The coupling capacity is given by the following equation.

In the above formula, Er = 2.1 (PTFE wire insulating material), b is the radius of the brass tube 21, and a is the radius of the wire.

The flashover detector has a ground terminal (not shown). Negative electrode wire 11
Is connected to a negative electrode deflection plate by a connection terminal 15, and the other side of the negative electrode wire 11 is connected to a negative power source (not shown).

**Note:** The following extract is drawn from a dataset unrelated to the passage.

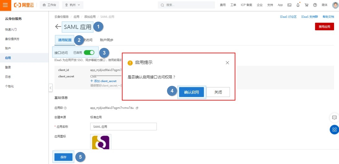 进入【SAML应用>>通用配置】处,开启接口访问。
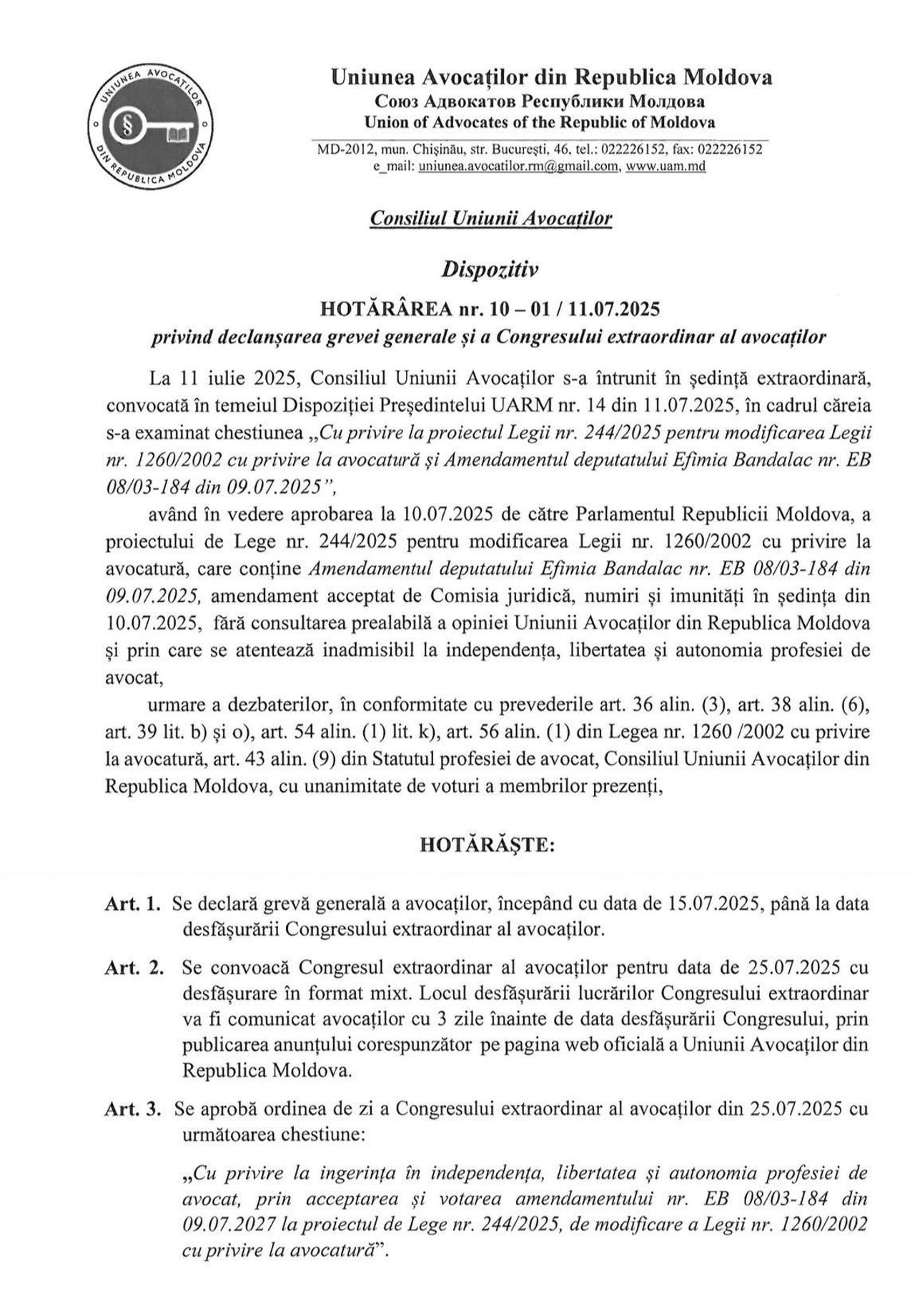 Uniunea Avocaților din R. Moldova (UARM) anunță o grevă generală de zece zile, din data de 15 iulie, ca răspuns la modificările legislative adoptate recent de Parlament. Președintele Uniunii, Dorin Popescu, denunță un atac fără precedent asupra independenței și autonomiei profesiei de avocat. Acesta susține că amendamentele au fost votate fără consultarea avocaților și fără respectarea procedurilor legale. În schimb, Efimia Bandalac, autoarea amendamentelor și membră a Comisiei juridice, numiri și imunități, afirmă că modificările nu afectează dreptul avocatului de a-și exercita liber profesia.

The positive electrode wire 16 is connected to a positive electrode deflection plate by a connection terminal 20, and the other side of the positive electrode wire 16 is connected to a positive electrode power supply (not shown).

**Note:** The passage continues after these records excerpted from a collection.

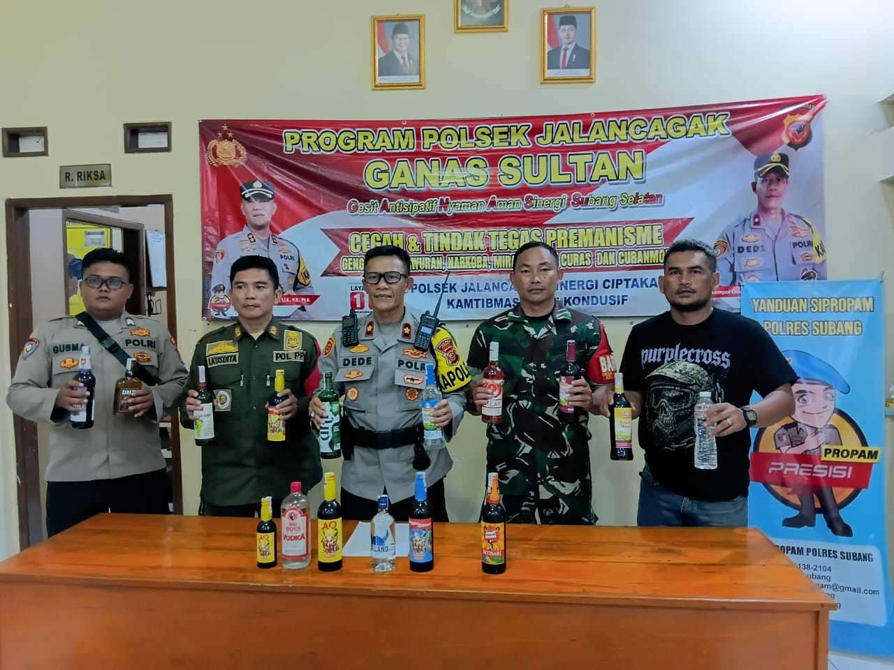“Dalam menciptakan situasi wilayah hukum Polsek Jalan Cagak yang aman dan kondusif menjelang perayaan Natal dan Tahun Baru, kami bersama jajaran dan Forkopimcam berkolaborasi menggelar razia minuman keras,” ujarnya.
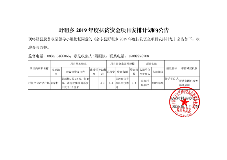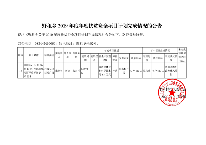 朱家村2019年度资金项目安排计划和项目计划完成情况
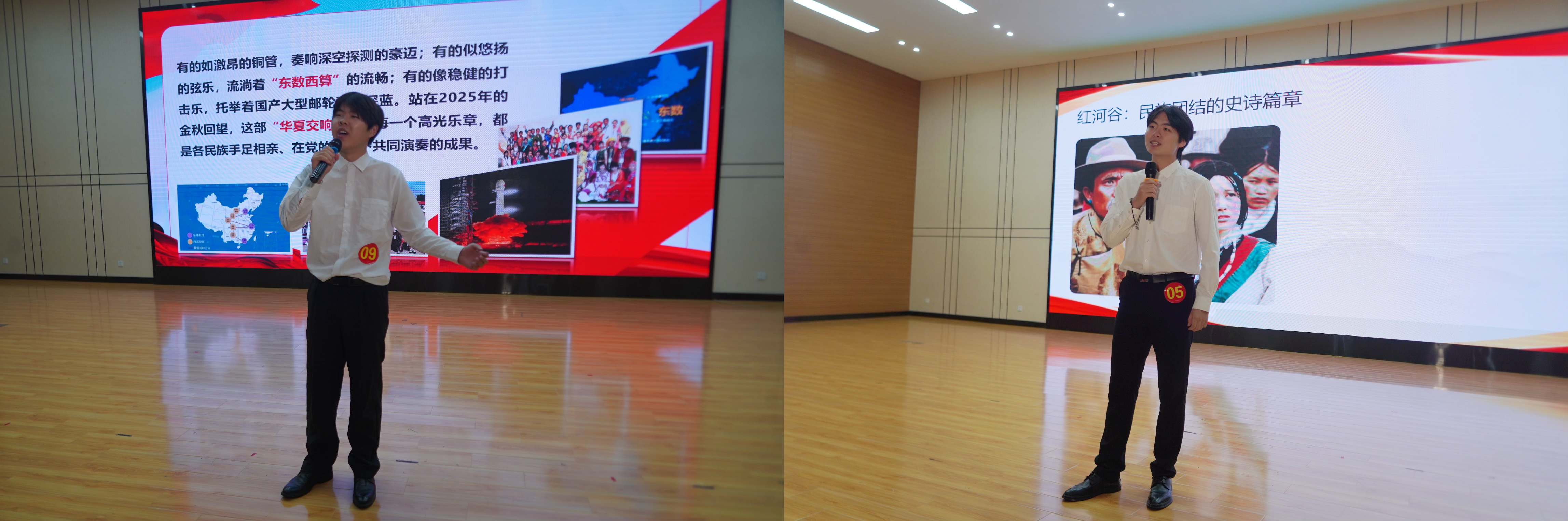 决赛现场,我校黄佳佳同学以《同谱华夏交响乐 共筑团结新篇章》为题,结合自己所学专业,把国家的发展比作一部恢弘的交响乐,56个民族是其中不可或缺的声部,每个人都是新时代“交响乐”的演奏者。他认为,铸牢中华民族共同体意识,不是遥远的口号,而是每个人演奏好每一个音符的责任——既要守护好自己民族的独特音色,也要学会与其他“声部”和谐共鸣。肖炳祥同学则以一部历史电影《红河谷》为切入点,结合巢湖以展演融多俗、景区传认同、社区创示范,绘就民族团结盛景的鲜活事例,阐述了民族团结不仅是中华民族千百年来的精神财富,更是国家繁荣昌盛的稳固基石,各民族要像石榴籽一样紧紧相依。经过激烈角逐,最终,我校黄佳佳、肖炳祥2位同学分别荣获特等奖(全场唯一)、二等奖的好成绩,充分展现了我校学子优良的综合素养和昂扬的精神风貌,更体现了新时代青年深厚的家国情怀,赢得了评委与观众的广泛共鸣和认可。
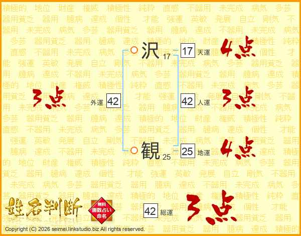 沢(17画) 観(25画)
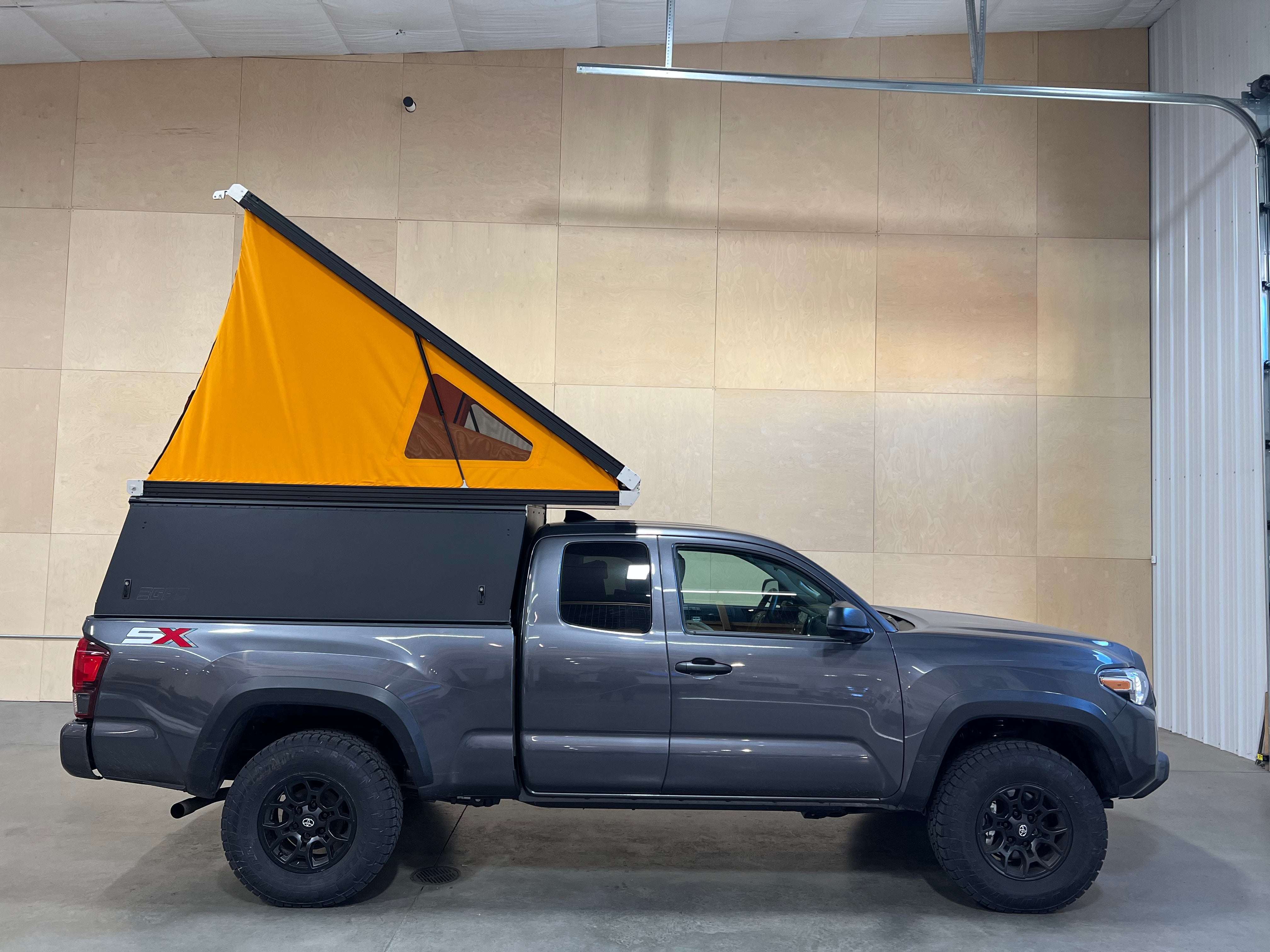 This 2022 Toyota Tacoma is outfitted with a GFC Platform Camper with Black panels. Check out more build specs below.

Next, the operation of the flashover detector according to the present invention will be described.

The system electronics (not shown) first filters the signal to improve overall noise immunity. Next, the filtered signal is sent to a positive / negative pulse detector and converted into a digital pulse for further processing. The digital pulses are sent to a time domain repetition qualifier. The time domain repetition qualifier checks if at least two pulses have been received within two seconds. When two or more pulses are received, the hardware latch is cleared, and the high voltage source that supplies power to the printhead deflector is shut off. The latch is set or reset by software. If any abnormalities occur during normal operation, the operator must confirm the abnormalities before returning the high voltage source to the active state, preferably by physically operating a switch. If this does not solve the problem, the operator must investigate the cause and clean the deflector manually.

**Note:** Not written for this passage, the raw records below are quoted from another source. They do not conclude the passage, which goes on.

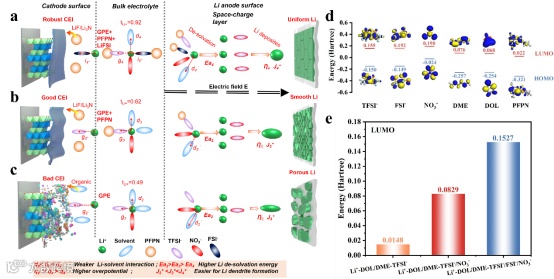 根据上述结果,进一步通过界面模型和DFT对正负极界面进行分析。在负极侧,对于图7a的单离子导聚合物电解质(SIC-GPE+PFPN+LiFSI电解质),其锂离子迁移数和极限电流密度的提高,可有效地消除空间电荷效应,使锂沉积更容易,形成光滑致密的锂沉积。而对于图7b-c锂离子迁移数低的电解质(GPE+PFPN和GPE电解质),其沉积过电势的提高和极限电流密度的降低导致其形成松散的球形锂沉积。对于正极侧,在GPE电解质中,由于Li+的弱配位,游离溶剂可以很容易迁移到阴极表面,导致在正极侧形成有机CEI,而加入PFPN后,由于PFPN的HOMO低,可以提高电解质的抗氧化能力,使之兼容高电压NCM622正极。
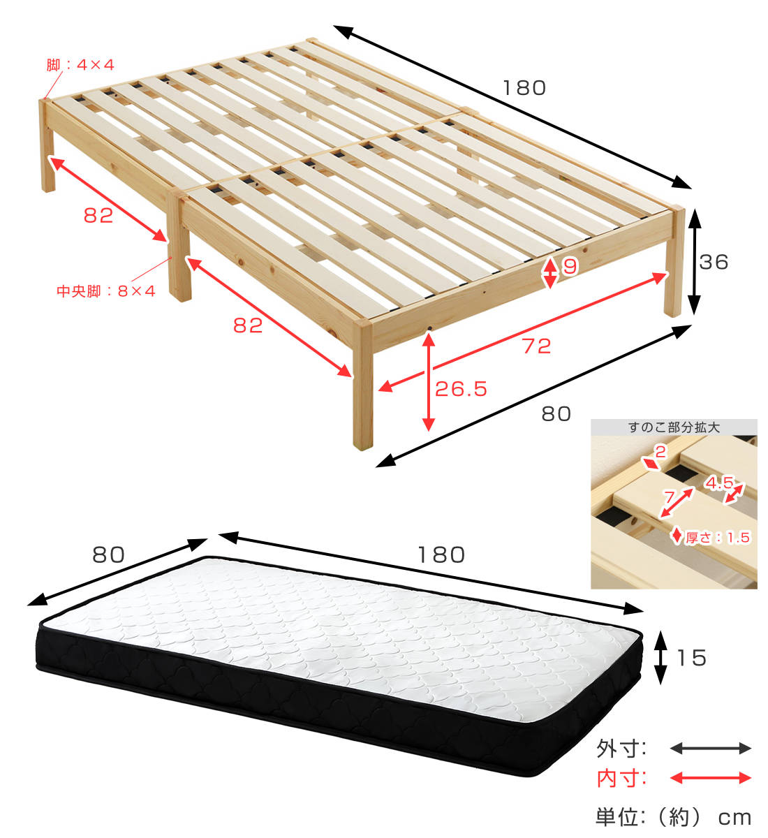 | サイズ | 約 幅80×奥行180×高さ36(cm) マットレス:約 幅80×奥行180×高さ15(cm) |
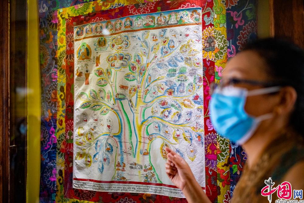 西藏藏醫(yī)藥大學(xué)開設(shè)特色鮮明的藏醫(yī)藥學(xué)唐卡教學(xué)課程?,F(xiàn)有醫(yī)學(xué)唐卡由十七世紀(jì)藏醫(yī)藥大家第司.桑杰嘉措創(chuàng)建,距今已有300多年的歷史。醫(yī)學(xué)唐卡用歸納、總結(jié)的方式將藏醫(yī)藥典籍《四部醫(yī)典》的主要內(nèi)容以“樹喻”方式繪示出來。成書于1300多年的《四部醫(yī)典》是藏醫(yī)藥學(xué)理論的根本大典。包括總則醫(yī)典、論述醫(yī)典、秘訣醫(yī)典和后續(xù)醫(yī)典。內(nèi)容涵蓋藏醫(yī)生理學(xué)、病理學(xué)、診斷學(xué)、治療學(xué)等基礎(chǔ)理論,細(xì)化了婦科、兒科、內(nèi)科、外傷等學(xué)科,包含了解剖學(xué)、護(hù)理學(xué)、藥學(xué)等眾多學(xué)科。圖為學(xué)校老師在對(duì)醫(yī)學(xué)唐卡進(jìn)行講解。中國(guó)網(wǎng)記者 鄭亮攝
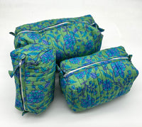 Set de 3 piezas fabricado en algodón, con la técnica de khanta. Está forrado en el interior con tejido impermeable.
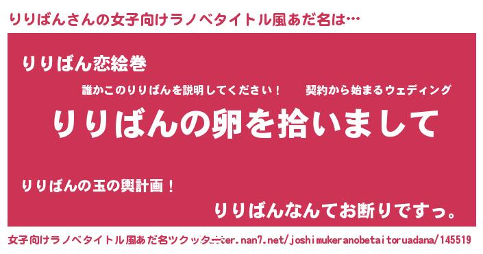 | 男性向けラノベタイトル風あだ名 | 『りりばんの嫁は女の子じゃないと思った?』 |
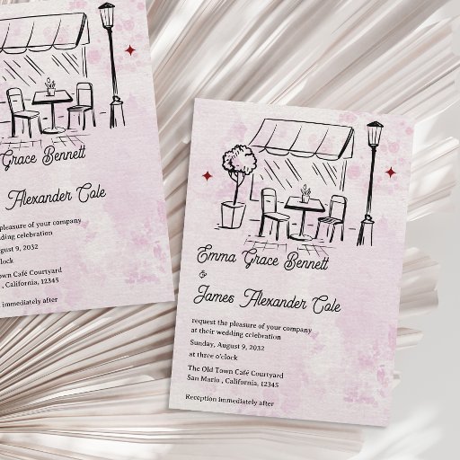 Romantic Pink Café Sketch Wedding Stationery SuiteDesigned by Mypaperlove Designs
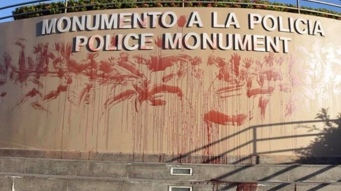 Miembros de Colectiva Feminista en Construcción se manifestaron contra la violencia machista pintando de rojo varios monumentos en San Juan.
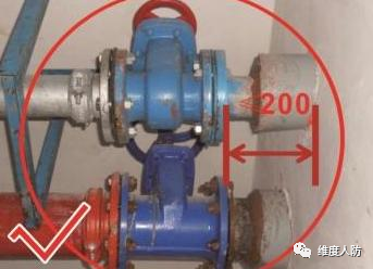 b.防護閥門設置離墻太遠(錯誤做法):
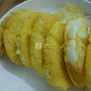 鸡蛋打散,一定要多打一会儿,越碎越好,要不然粘馒头不均匀。
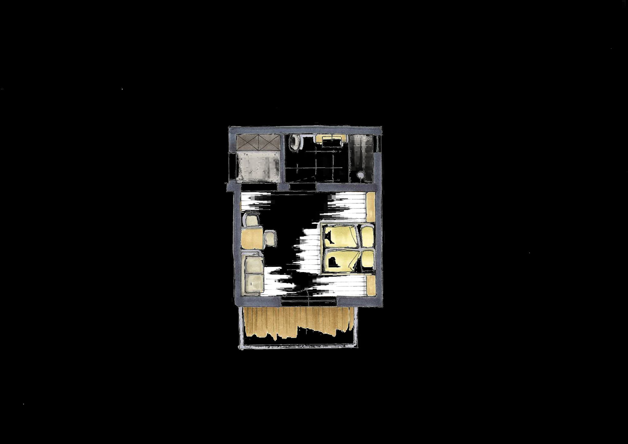 Zimmer mit DU/WC, TV und Balkon. Jedes Zimmer ist mit einem Safe ausgestattet. Das 3. Bett ist eine Couch.

The flashover detector according to the present invention is not limited to the above-described embodiment, and various modifications and improvements can be made within the scope described in the claims. For example, the negative electrode wire 11 and the detection wire 22 may be connected by exchanging the positive electrode wire 16 and the negative electrode wire 11.

[0024]

According to the flashover detector of the present invention, it is possible to provide a flashover detector which has a simple structure and can detect a collapse in an ink drop deflection electric field which can be manufactured at a low cost.

[Brief description of the drawings]

FIG. 1 shows a first example of a flashover detector according to the present invention.
FIG.

FIG. 2 shows a second embodiment of a flashover detector according to the invention.
FIG.

[Explanation of symbols]

 REFERENCE SIGNS LIST 10 flashover detector 11 negative electrode wire 12 resistor 13, 14 heat-shrinkable sleeve 15 connection terminal 16 positive electrode wire 17 resistor 18, 19 heat-shrinkable sleeve 20 connection terminal 21 brass tube (detection element) 22 detection wire 23 third sleeve 24 outer sleeve

Claims (6)

[Claims] A positive electrode deflection plate having a positive electrode power supply conductor;
A flashover detector for a continuous type inkjet printer, comprising: a negative electrode deflection plate having a negative power supply conductor; and a ground terminal, wherein the positive power supply conductor and the negative power supply conductor are capacitively coupled. A detection element coupled to one of the positive power supply conductor and the negative power supply conductor for detecting flashover between one of the conductors and one of the ground terminal and the other conductor; A flashover detector, comprising: 2. The flashover detector according to claim 1, wherein said detecting element is formed of a brass tube. 3. The flashover detector according to claim 1, wherein the positive power supply conductor and the negative power supply conductor are heat-shrinked. 4. The flashover detector according to claim 1, further comprising a system electronic device connected to the sensing element by a sensing conductor. 5. The system electronics comprises at least one signal filter, a positive / negative pulse detector, a time domain repetition qualifier, a hardware latch, and a high voltage supply. The flashover detector according to claim 4, wherein 6. The flashover detector according to claim 1, wherein a terminal is provided at at least one end of one of the positive power supply conductor and the negative power supply conductor.